The Wolves have an interesting statistical situation in their backup backcourt.
Whenever at full strength — or, at least, when Jeff Teague is healthy — Thibs subs Jamal Crawford into the game in the late part of the first quarter. A few possessions after that, he subs Tyus Jones in to join him in the second-unit backcourt. Thibs famously does not play his bench much, but each backup guard is averaging over 18 minutes per game. In Tyus’s case, that would be lower if not for the stretch when Teague was injured and he was put into the starting lineup.

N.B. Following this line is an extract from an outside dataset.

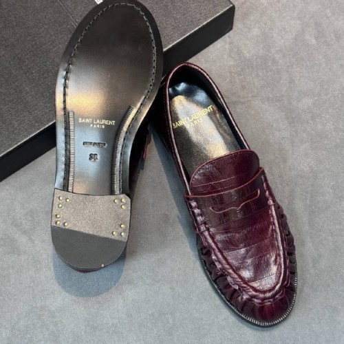 Бордовые лоферы Saint Laurent из натуральной кожи. Качественная фактура, яркий оттенок и лаконичный дизайн делают эту модель незаменимой в базовом гардеробе. Легкая подошва не скользит и обеспечивает комфортный и уверенный шаг. Мягкая стелька и продуманная форма отвечают за то, чтобы эта пара стала частым дополнением ваших образов. В нашем интернет-магазине вы можете купить копии лоферов с доставкой по Москве и по всей России.

Overall this season, Crawford has played 862 minutes and Jones has played 855. Together as a pairing, they’ve played 526 minutes. That means each has played about 61 percent of their total minutes next to the other and about 39 percent of their total minutes with a different backcourt teammate.
In light of the heavy minutes Jones and Crawford play together, the team’s on/off splits show a striking contrast:
Tyus leads the “on court” column for the entire team, with a season net rating of (+10.5). The Wolves outscore opponents by 10.5 points per 100 possessions when Jones plays. One would expect, then, that Crawford’s “on” rating would also be somewhat high, considering how much he plays with Tyus.
Not the case.
Crawford comes in last place of the team’s regular 9-man rotation, with a season net rating of (-5.8).
This dichotomy hardly seems possible.
The “off” column is more damning to Crawford, as he “leads” the entire team with an off rating of (+10.4). In other words, when Crawford is on the bench, the Wolves outscore opponents by 10.4 points per 100 possessions.
In regular person terms:
When Tyus Jones is on the floor, regardless of his teammates, the Wolves perform like a top-tier NBA team. When Jamal Crawford is on the floor, regardless of teammates, the Wolves perform like a bottom-tier NBA team. And almost two thirds of each player’s playing time is spend together!
Let’s dig just a tiny bit deeper on this point.
When Jamal and Tyus play together — again, this is about 61 percent of each guy’s total burn — the lineups get outscored by 2.1 points per 100 possessions. Not good, but nothing catastrophic.
When Jamal plays without Tyus, the Wolves are outscored by 11.5 points per 100 possessions. This is really bad, and regular Wolves watchers know that Thibs has tried staggering Jamal in with the team’s starting (read: good) players, many times this year. All in all, that’s been a big failure.
What about when Tyus plays without Jamal? How have those minutes — 39 percent of his season total — gone for the Wolves?
When Tyus Jones plays without Jamal Crawford next to him, the Wolves have outscored opponents by 30.9 points per 100 possessions. That incredible sample of ass-kicking spans 329 minutes of action. In that time the Wolves outscored opponents by 150 points.
While I have become increasingly frustrated with Thibs’s ignorance (through his actions, anyway) of Tyus’s added value to the team, as much attention should be paid to the harm that Crawford has caused on the floor. It comes through all of the team numbers, and the eye test draws pretty clear conclusions on why: he’s a poor defender and a ball-stopping offensive player who attempts a lot of difficult shots. J-Crossover has had a great career and a few really nice games for the Wolves this year, but he soon turns 38 years old and might be about cooked as a playable rotation player. Any remaining contributions to this team might be best made in the locker room and on the road in the plane, acting as a mentor figure.
Whether this gets addressed via trade or rotation change remains to be seen, but the Wolves have a strange dichotomy within their backup backcourt.